The tower shuddered. A boiling sphere of magic burst from the stolen prize. The copper skulls drank deeply of the power, their hollow sockets glowing eerily. Ephryx waited in his tower for the bubble to pass through his scrying chamber. The magic arrived from below, passing first over his toes, then up his legs and into his trunk, invigorating his Chaos-twisted flesh and setting his blood racing. The gold in his scrying bowl bubbled, and Ephryx bent eagerly over it. The images presented at the moment of dawn were the clearest, the most truthful.

He was not the only one waiting for the rising sun. In answer to its appearance, light flashed in the sky. Dozens of lightning strikes, thicker than the others, came not from the clouds but through them, stabbing downward from a place that was not of this realm. They emanated from somewhere beyond the Celestial Swirl, that galaxy of lights and stars that turned high in the northern sky. The lightning was white, but Ephryx’s witch-sight showed him pulses of azure that accompanied each strike and sent the currents of Chamon into disarray.

The first bolt split the peak of a mountain to the north-east. Many more pounded into the valley at various points to the north of the Silver River. The first left behind an imposing figure in smooth armour surrounded by a small bodyguard of warriors upon the mountain peak. These surveyed the lands revealed to them, then spread broad wings of blazing energy and took to the heavens. The sky blackened above them, and they flew up into a downfall of rain. The other bolts struck domes of force from the ground, all around the dormant Bright Tor Gate.

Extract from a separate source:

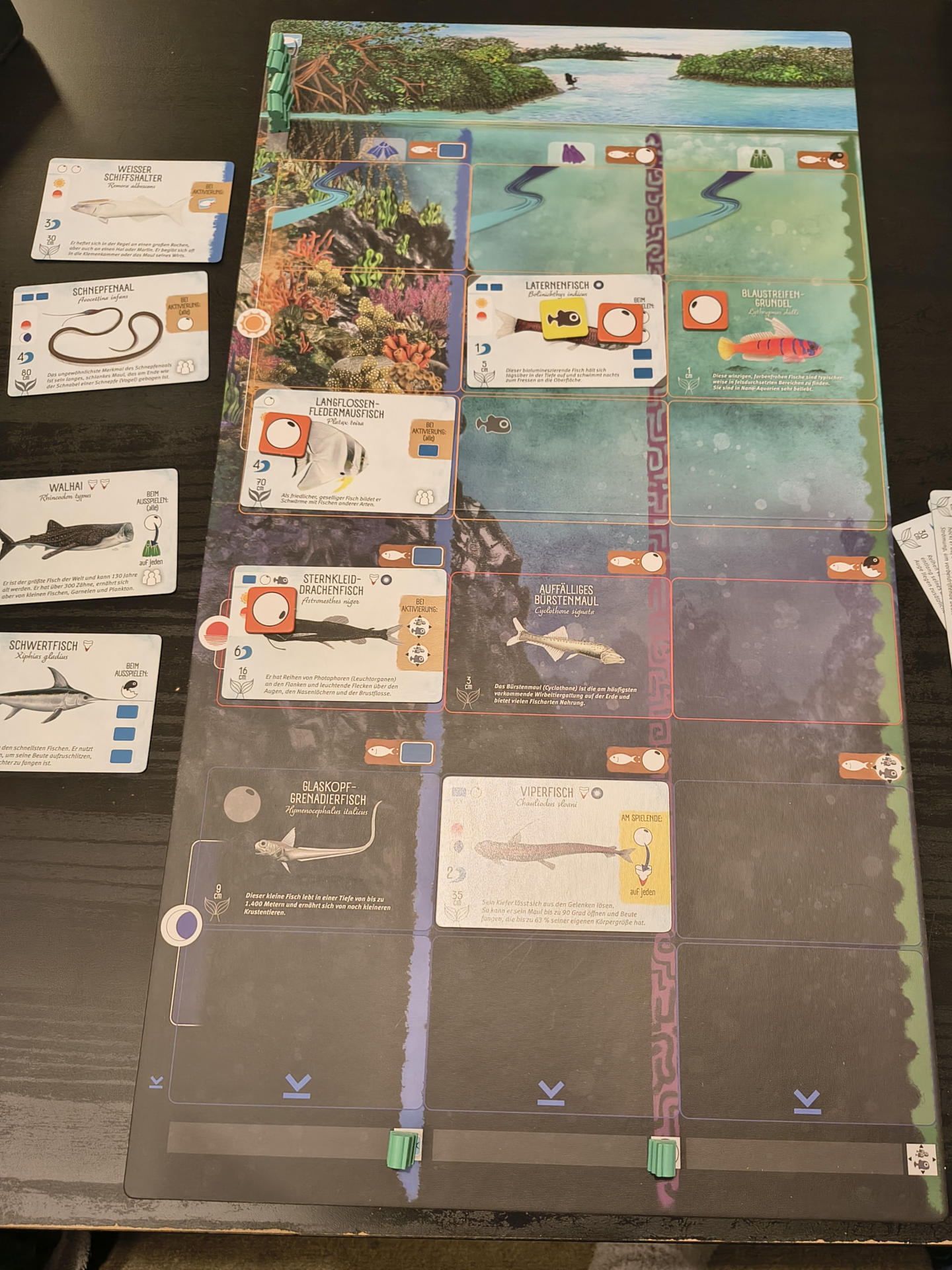 Dann spielt man ähnlich dem bekannten Spielprinzip Fische in diese jeweiligen Zonen, wobei kleinere Fische von größeren überdeckt werden können, wenn einem der Platz ausgeht bzw. man einfach einen viel viel besseren Fisch auf der Hand hat, den man unbedingt los werden möchte. Manchen brauche Eier, manche manche fressen Jungfische, wenn man sie ausspielt, manche können nur in ein bestimmtes Habitat gelegt werden - was wir beim ersten Playtrough mal wieder nicht geschnallt haben, siehe Bild drei, wo ein auf der rechten Seite blau berandeter Freiwasserfisch im Kelpwald liegt. Viele kann man aber auch einfach überall hin spielen. Um Fische zu spielen, Eier zu legen und diese schlüpfen zu lassen, führt man Tauchgänge in den entsprechenden Habitaten durch. Möchte man zB einen neuen Fisch auslegen, taucht man im Riff und für jedes bereits von einem Fisch belegte Habitat in dieser Zone darf man einen Fisch spielen, unter Beachtung der entsprechenden Karten-Voraussetzungen. Ebenso kann man in der Freiwasserzone Eier legen lassen und im Kelpwald vorhandene Eier schlüpfen lassen. Dabei ist zu beachten, dass - sobald sich drei Jungfische auf einem Feld treffen - sich diese zu einem Schwarm vereinen. Schwärme bringen zusätzliche Punkte oder sind ebenfalls für seltene, große Räuber eine Vorbedingung (Futter).
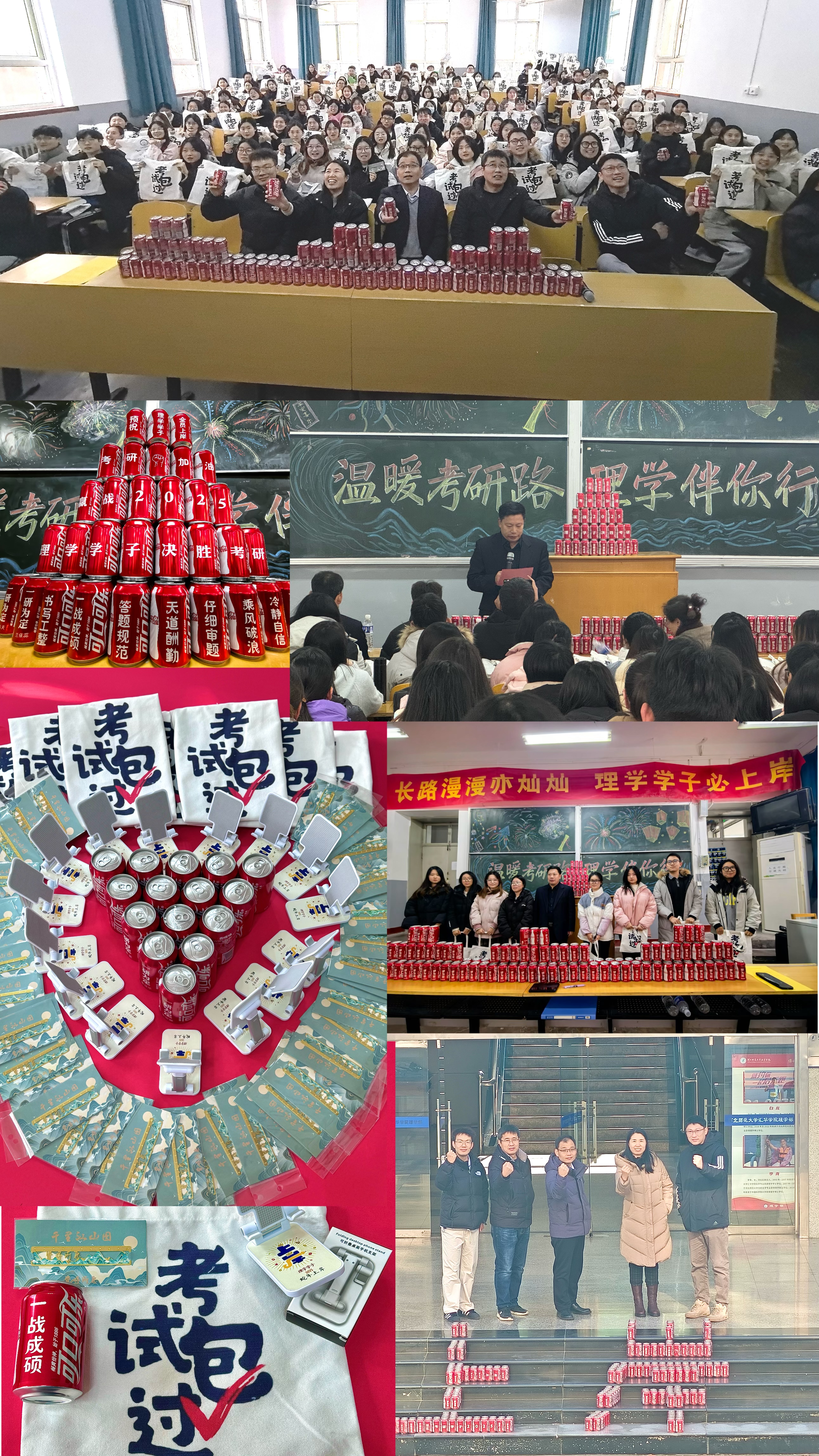 2025年全国硕士研究生招生考试即将来临,为助力考研学子坚定备考信心,缓解考研压力,理学部于12月12日下午在第二教学楼104教室举办“研途相伴,温暖同行”考研送温暖活动。活动邀请到beat365英国官方网站党委书记杨富兴出席,理学部部长张增水主持。理学部相关老师和考研学生代表参加活动。 活动伊始,杨富兴向所有考研学子表达了深切的慰问。他强调,考研不仅是对知识的追求,更是对自我能力的提升和对未来梦想的执着。同学们要树立信心,进行高效复习,学习贵在坚持,要学会在坚持中有所收获。毕业班辅导员郭世超老师依据自身经历与大家共话考研的心路历程。他的语言生动有力,富有感染力,让在座的考研学子更加清晰了考研的意义与价值。2023级王一鑫同学向学长学姐送上真挚的祝福。2021级范思羽同学和大家分享了考研路上的点滴过往,以及迎接挑战的信心。 在发放慰问品环节,各位老师亲手将心意满满的考研加油包送到每位学生手上。加油包中有定制款“皆得所愿”尺子,愿大家百尺竿头更进一步;独一无二的“蛇年上岸”手机支架,愿大家“支”撑未来,“架”起梦想;印有“考试包过”的帆布包,祝福大家顺顺利利,考试包过;独特定制的“一研为定”和考研学生名字的可乐,祝考研学子好运连连“一研为定,定为研一”!收到礼包的同学表示:“刚看到礼包的时候有点被惊到了,这么多有美好寓意的的小礼物,还有带着自己名字的定制可乐。”

As in Ephryx’s dream, the domes faded to nothing, revealing small armies, although these warriors wore armour of deep turquoise, not the gold of the warriors he had perceived in Aqshy. Then the image in the bowl wavered, and Ephryx drew back from the gold, the play of it illuminating the surprise on his face. His expression hardened. With pinched fingers he clicked out a brief rhythm with his nails upon the platinum of the bowl’s stand. He called upon the power of Tzeentch, steadying the image. None could best the arcane power of Ephryx. He willed the minds of these interlopers to open to him; their secrets would be his, their plans laid bare.

He permitted himself a small smile.

The minds of the strangers remained closed. Their images wavered harder.

The sorcerer’s smile evaporated quicker than a soul in a spirit forge. Ephryx looked out of the windows with a scowl. The dawn was passing over the fortress and the ruined city it squatted in. Its light now struck off the Vaulten Mountains, dancing from peak to peak of the Bright Tors, lighting the underside of the storm clouds beneath both. Then it slid down rocky bluffs and steep banks into the great valley of Anvrok to light the Silver River, overpowering the dull glow given off by the hot silver.